I remember reading an email sent a few years ago by partners-in-mission who were serving in a Christian Palestinian village. They had been urged to come home by friends and loved ones who were worried about the outbreak of violence there. "Please come home," they'd say to this couple. "The American government has called for the full evacuation of Americans in the Middle East. Don't you want to leave?"

Here is a part of what they wrote:

We're still here because we believe. We came here out of a commitment to serve the church in the land of its birth.

We're still here because we hope....We hope that nationalism and fanaticism will not have their way, that the rift between East and West will not become an impossible dream, swallowing up lives and hopes for a peaceful future.

We're still here because we love. We love the people of this region. From Baghdad to Beirut, we have visited them, eaten with them, laughed and cried with them, worshipped and prayed with them. Having done so, it's impossible for us to think of them as enemies.

So we're still here because we're still called to work and minister here. But don't worry; we're not seeking our own martyrdom. But we haven't bought those plane tickets yet.

 

It became clear to me that they had touched the risen Christ. But we don't have to go to the Middle East in order to do that.

There was an article I read in a magazine a while back that began with the words, "Now that I have cancer, it's touching time." It was written by a Presbyterian minister who was diagnosed with cancer who noticed that now there seemed to be permission for people to touch him. He said, "It's funny that a broken body should somehow be more touchable than one that's "whole." Lifelong friends with whom he had only shaken hands were now hugging him. He made the point that in all the Bible there is only one story about Jesus being touched while he was alive. Now, Jesus touched others to be sure. And there was a woman who touched his garment. There was a woman who washed his feet with her hair. But this minister said that the one time someone reached out to touch Jesus was to betray him with a kiss. Maybe that's why all these resurrection appearances include touching. It's only after the breaking time of crucifixion that resurrection, the touching time, comes.

He concludes the article, "We seem able to touch one another in our brokenness in ways that we never can in wholeness. God likes to use broken things--broken flasks, broken bread, broken bodies, even relationships that are broken with a kiss. My body and spirit have been broken by cancer. That means it's OK to touch me. I'm thankful."

"Here, touch my hands and my feet," Jesus says to his disciples. "Get in touch with the physical scars, the bodily pain of human beings. Touch the hurts of real people, and you touch me."

There is no doubt that our church buildings are important. I serve a church in Memphis that is one of the most beautiful I have ever witnessed.

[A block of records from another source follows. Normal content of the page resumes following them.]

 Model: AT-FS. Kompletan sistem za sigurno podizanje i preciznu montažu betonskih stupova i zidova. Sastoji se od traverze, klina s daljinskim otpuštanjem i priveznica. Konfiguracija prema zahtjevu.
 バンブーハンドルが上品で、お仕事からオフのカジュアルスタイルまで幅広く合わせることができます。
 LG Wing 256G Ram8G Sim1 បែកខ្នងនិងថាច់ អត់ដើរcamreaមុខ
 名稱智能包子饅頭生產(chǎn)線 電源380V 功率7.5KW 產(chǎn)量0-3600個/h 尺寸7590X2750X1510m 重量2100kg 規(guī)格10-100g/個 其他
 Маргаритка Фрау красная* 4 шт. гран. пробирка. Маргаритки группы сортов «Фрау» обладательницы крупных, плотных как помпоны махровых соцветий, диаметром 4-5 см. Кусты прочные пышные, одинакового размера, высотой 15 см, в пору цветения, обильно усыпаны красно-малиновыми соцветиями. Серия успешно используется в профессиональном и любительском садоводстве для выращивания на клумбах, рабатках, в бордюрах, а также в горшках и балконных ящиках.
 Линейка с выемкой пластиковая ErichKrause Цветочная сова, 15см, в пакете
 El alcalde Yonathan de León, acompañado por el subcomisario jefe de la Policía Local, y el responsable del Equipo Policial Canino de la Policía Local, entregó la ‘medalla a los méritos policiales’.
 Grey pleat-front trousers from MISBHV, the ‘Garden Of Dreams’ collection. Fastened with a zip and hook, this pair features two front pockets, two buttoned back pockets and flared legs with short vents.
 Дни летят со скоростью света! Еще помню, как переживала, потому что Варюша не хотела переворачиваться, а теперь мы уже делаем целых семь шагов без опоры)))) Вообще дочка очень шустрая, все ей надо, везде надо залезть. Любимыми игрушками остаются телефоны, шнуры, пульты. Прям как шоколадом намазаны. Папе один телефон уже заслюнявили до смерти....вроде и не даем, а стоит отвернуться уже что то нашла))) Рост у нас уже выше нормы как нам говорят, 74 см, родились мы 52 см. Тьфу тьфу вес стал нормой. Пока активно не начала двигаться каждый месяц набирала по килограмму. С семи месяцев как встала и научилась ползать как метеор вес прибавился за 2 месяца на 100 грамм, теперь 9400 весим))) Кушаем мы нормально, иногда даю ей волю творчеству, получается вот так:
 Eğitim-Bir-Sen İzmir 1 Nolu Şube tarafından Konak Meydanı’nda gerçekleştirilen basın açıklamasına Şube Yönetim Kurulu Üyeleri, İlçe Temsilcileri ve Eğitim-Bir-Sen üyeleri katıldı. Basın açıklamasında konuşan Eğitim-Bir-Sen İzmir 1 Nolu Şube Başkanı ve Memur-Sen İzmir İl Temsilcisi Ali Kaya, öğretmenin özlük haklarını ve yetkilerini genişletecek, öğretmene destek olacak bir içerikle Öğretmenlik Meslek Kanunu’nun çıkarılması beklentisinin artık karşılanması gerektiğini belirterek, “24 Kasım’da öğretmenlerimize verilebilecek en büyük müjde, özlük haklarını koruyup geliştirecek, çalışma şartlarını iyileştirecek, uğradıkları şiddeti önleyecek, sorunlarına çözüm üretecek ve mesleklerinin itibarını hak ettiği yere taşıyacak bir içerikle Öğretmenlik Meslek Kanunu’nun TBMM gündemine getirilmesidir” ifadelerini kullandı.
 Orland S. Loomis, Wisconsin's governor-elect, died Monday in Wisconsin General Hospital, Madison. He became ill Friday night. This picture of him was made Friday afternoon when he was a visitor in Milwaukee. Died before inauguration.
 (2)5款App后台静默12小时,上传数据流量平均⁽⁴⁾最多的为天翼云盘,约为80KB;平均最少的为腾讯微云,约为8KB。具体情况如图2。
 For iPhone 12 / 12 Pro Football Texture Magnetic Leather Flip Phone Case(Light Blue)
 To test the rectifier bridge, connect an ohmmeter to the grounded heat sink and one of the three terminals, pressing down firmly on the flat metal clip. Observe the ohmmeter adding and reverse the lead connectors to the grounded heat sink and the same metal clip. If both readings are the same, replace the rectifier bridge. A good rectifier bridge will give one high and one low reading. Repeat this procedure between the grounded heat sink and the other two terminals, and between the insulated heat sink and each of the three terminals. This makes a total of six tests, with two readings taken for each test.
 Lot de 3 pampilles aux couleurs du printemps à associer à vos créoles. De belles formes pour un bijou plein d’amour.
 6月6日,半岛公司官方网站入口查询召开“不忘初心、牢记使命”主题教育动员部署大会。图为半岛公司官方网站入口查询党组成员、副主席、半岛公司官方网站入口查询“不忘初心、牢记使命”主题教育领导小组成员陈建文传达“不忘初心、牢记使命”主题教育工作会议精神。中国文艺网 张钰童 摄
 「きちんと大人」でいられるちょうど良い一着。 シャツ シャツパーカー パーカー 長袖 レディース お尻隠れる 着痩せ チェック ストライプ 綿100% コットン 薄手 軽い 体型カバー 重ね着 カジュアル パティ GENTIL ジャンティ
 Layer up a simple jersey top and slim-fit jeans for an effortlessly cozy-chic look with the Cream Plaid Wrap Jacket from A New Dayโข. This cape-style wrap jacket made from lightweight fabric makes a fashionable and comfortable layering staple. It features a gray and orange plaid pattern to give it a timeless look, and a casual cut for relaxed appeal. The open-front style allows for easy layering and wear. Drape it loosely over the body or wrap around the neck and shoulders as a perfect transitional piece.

A Presbyterian Cathedral, if there were such a thing. I love the symbolism of the carvings and the windows, the artistry of the woodwork, the majesty of the carillon tower with the four gospel writers carved into each corner; the faith and passions that went into this building. It is sacred space. 

But this passage reminds us that the sacred center of life is not a building or a program...but is found in the daily ministry of the church of Jesus Christ as we are armpit deep in the physical, emotional, mental, spiritual...human hurts of people in our church, our community, and our world, as we gather around the Word of God and continually re-discover that God, living and true God, meets us and continues to empower us for ministry in this world.

"Here," he said, "touch my hands and my feet. Touch the hurts of real people and you touch me."

Let us pray. Dear God, you touched the world in the real life, breathing Son of yours, Jesus, whom we know as the Christ. We thank you that we are able to find our center, our meaning, in him. May we touch others as he has touched us with his love. Amen.